(Beginning of SUPPLIED ENTRIES)

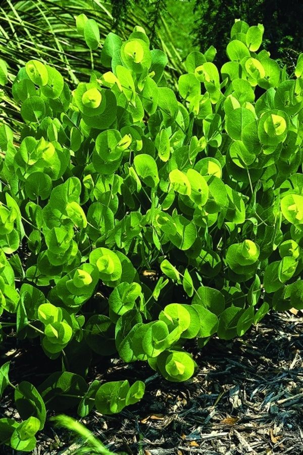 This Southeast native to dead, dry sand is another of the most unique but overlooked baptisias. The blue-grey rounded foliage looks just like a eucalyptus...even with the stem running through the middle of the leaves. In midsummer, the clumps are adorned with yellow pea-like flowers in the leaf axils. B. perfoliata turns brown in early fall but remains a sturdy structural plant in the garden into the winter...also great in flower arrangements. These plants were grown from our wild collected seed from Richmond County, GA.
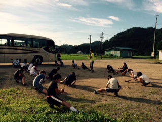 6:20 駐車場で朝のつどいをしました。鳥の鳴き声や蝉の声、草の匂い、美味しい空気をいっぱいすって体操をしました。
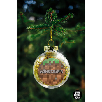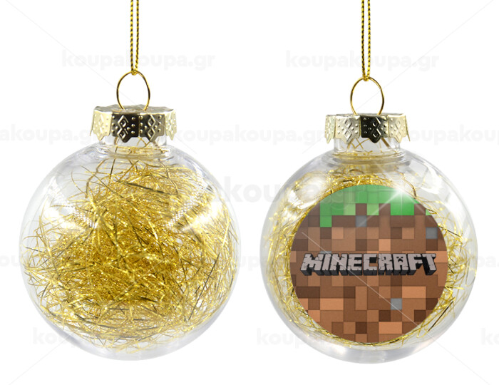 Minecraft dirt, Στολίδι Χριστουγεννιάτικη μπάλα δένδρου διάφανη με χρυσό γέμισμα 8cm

(End of SUPPLIED ENTRIES)
(Beginning of SUPPLIED ENTRIES)

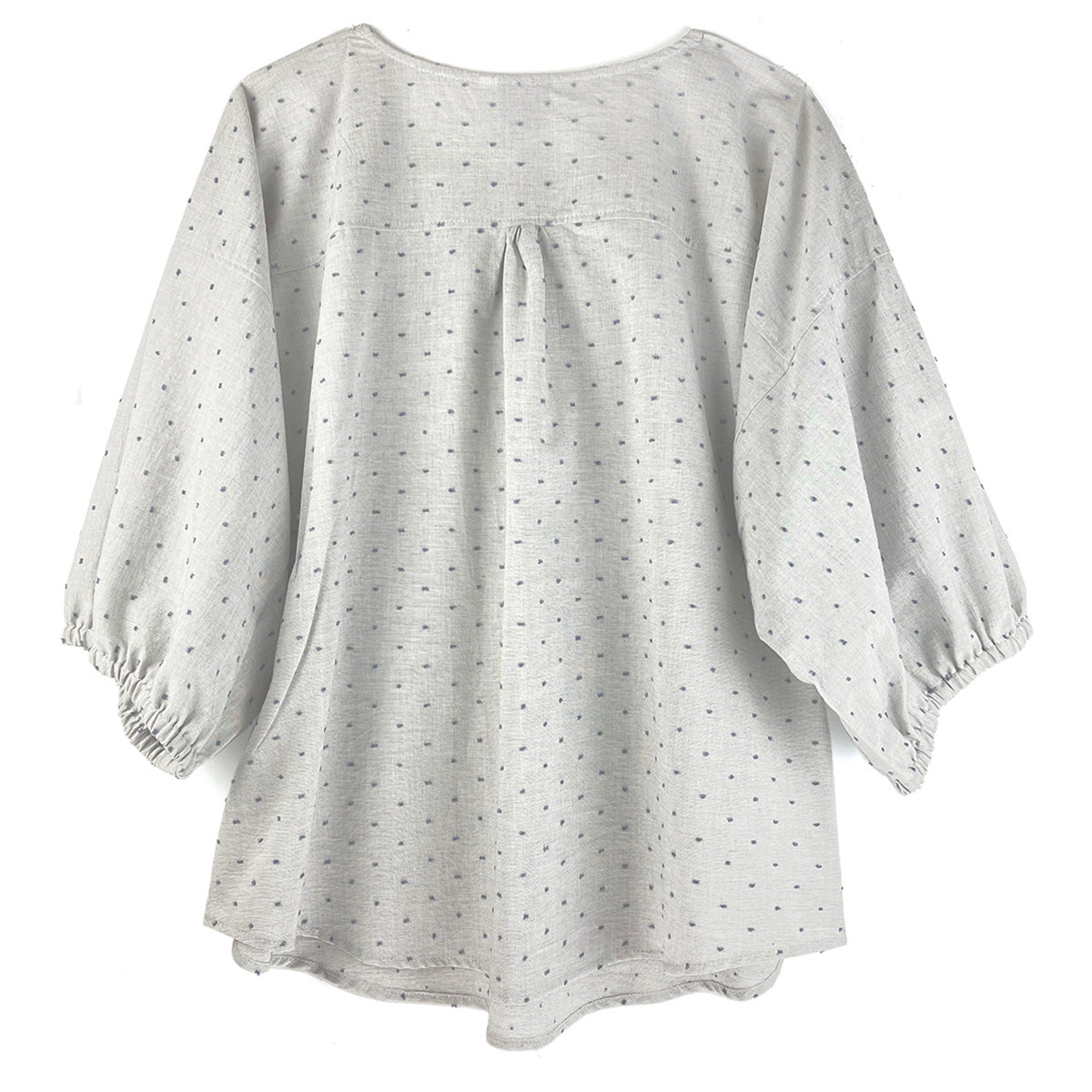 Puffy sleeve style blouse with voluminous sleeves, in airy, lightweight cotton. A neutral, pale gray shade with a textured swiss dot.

(End of SUPPLIED ENTRIES)

# [DIRECTIONS FOR THIS TASK]
What's needed is an exact copy of the lines above from the one with "6:20 駐車場で朝のつどい" through the one with "Minecraft dirt, Στολίδι", both included; the pictures stay out.

# [TASK OUTPUT]
 6:20 駐車場で朝のつどいをしました。鳥の鳴き声や蝉の声、草の匂い、美味しい空気をいっぱいすって体操をしました。
 Minecraft dirt, Στολίδι Χριστουγεννιάτικη μπάλα δένδρου διάφανη με χρυσό γέμισμα 8cm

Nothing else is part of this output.